Friday, October 26, 2018

Imaginary Hazard Day

About 20 years ago now, my old boss and I came up with the idea of Imaginary Hazard Day. It is always "celebrated" on October 26, for no apparent reason other than that was the day we came up with it. Every year, we urge everyone to take all unnecessary precautions.

As it happens, this year Imaginary Hazard day falls a few days after someone (singular or plural, as yet undetermined) sent a series of devices that may (or may not, and likely not) be bombs to some of our favorite portside politicians.

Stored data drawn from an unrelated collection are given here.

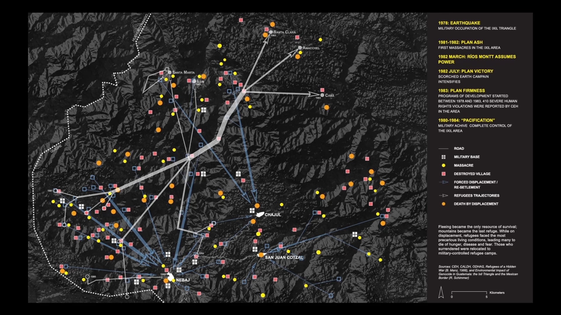 In the case of the violence perpetrated against the Ixil Maya, crimes against humanity and genocide could be understood in relation to transformations of the area’s urban and natural environments. We traced the intersections between military operations, population displacement and relocation, and transformations in the urban, agricultural, and forest areas of the Ixil Triangle during the most violent period of the conflict (1979-1984), with particular attention to the years of the Montt dictatorship (1982-1983). We analysed and subsequently presented that information through a series of time-based cartographies.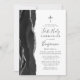 Der links Rand dieses eleganten, modernen First-Communion-Einladens besticht durch einen schwarzen Aquarellrand, getrimmt mit Imitaten silbernen Glitzer. Über dem anpassbaren Text erscheint ein Imitat silbernes Folienkreuz, das Handschrift, Copperplate und kursiv Schriftart in Holzkohlegrau auf weißem Hintergrund kombiniert. Auf der Rückseite ist ein passendes schwarz-silberfarbenes Design erkennbar.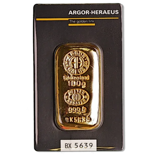 100 Gram Argor-Heraeus Swiss Cast Gold Bullion Bar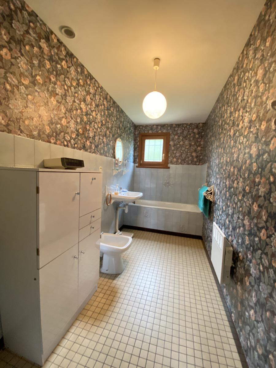 Entrée, séjour, cuisine, salle de bain avec baignoire et douche, WC indépendant, 3 chambres et 1 bureau.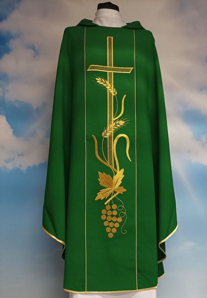 Priest's Green Chasuble with Embroidered Gold Cross Design.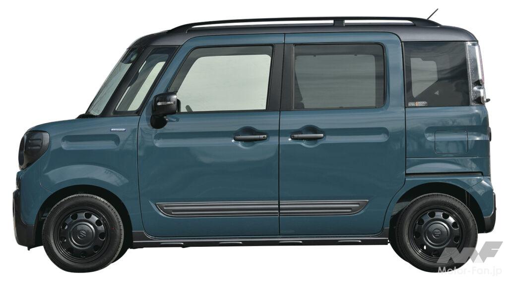 スペーシアとの違いは、エクステリアでは専用の丸形ヘッドライト、フロントグリル、前後バンパー、ルーフレールなど装備類。インテリアではメーターやシートステッチなどにオレンジのアクセントカラーを施し、ツールボックスをモチーフにしたメタリックなインパネアッパーボックスを採用。アウトドアテイスト&遊び心満点の世界を演出している。また、ホワイトのルーフ、ドアミラー、ホイール、サイドパネルによるツートーンカラーが施された、ワイルドさを抑えた特別仕様車のMY STYLEも加わっている。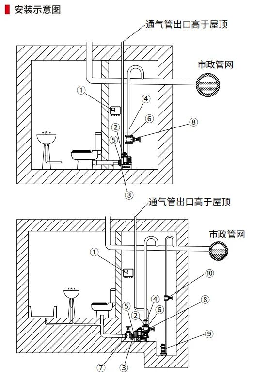 别墅、小型宾馆、饭店、洗浴中心等低于自流排水的生活污水排放

I don't know the whole thing is a legitimate terrorist activity, or a false flag, or something else. I do know this -- if these bombs were really a danger, we'd have never seen one of them. The bomb squads would have detonated all of them to prevent danger, mayhem, whatever. We have seen pictures of the bombs, though, pulled right out of the envelopes in which they arrived:

Image result for mail bombs this week
Blowed up real good
So, if there was a real threat, we do we have this image? Frankly, the device looks more like a Pez dispenser than a bomb. If this were an actual explosive device, it would have been removed immediately from the place it was delivered and no one would have opened the package. So what's really happening? It's a question well worth asking on Imaginary Hazard Day.

2 comments:

3john2 said...

That bomb is black and scary-looking. Must be an "assault bomb".

Bike Bubba said...

As opposed to the peace, love, unicorns and butterflies bomb? Like Arlo Guthrie's song about the un-neutron bomb back in the 1980s? Assault weapons vs. other weapons reminds me of hate crimes vs. apparent love crimes out there.

The lack of curiosity about the obviously "nonstandard features" of these "bombs" on the part of the media is quite telling.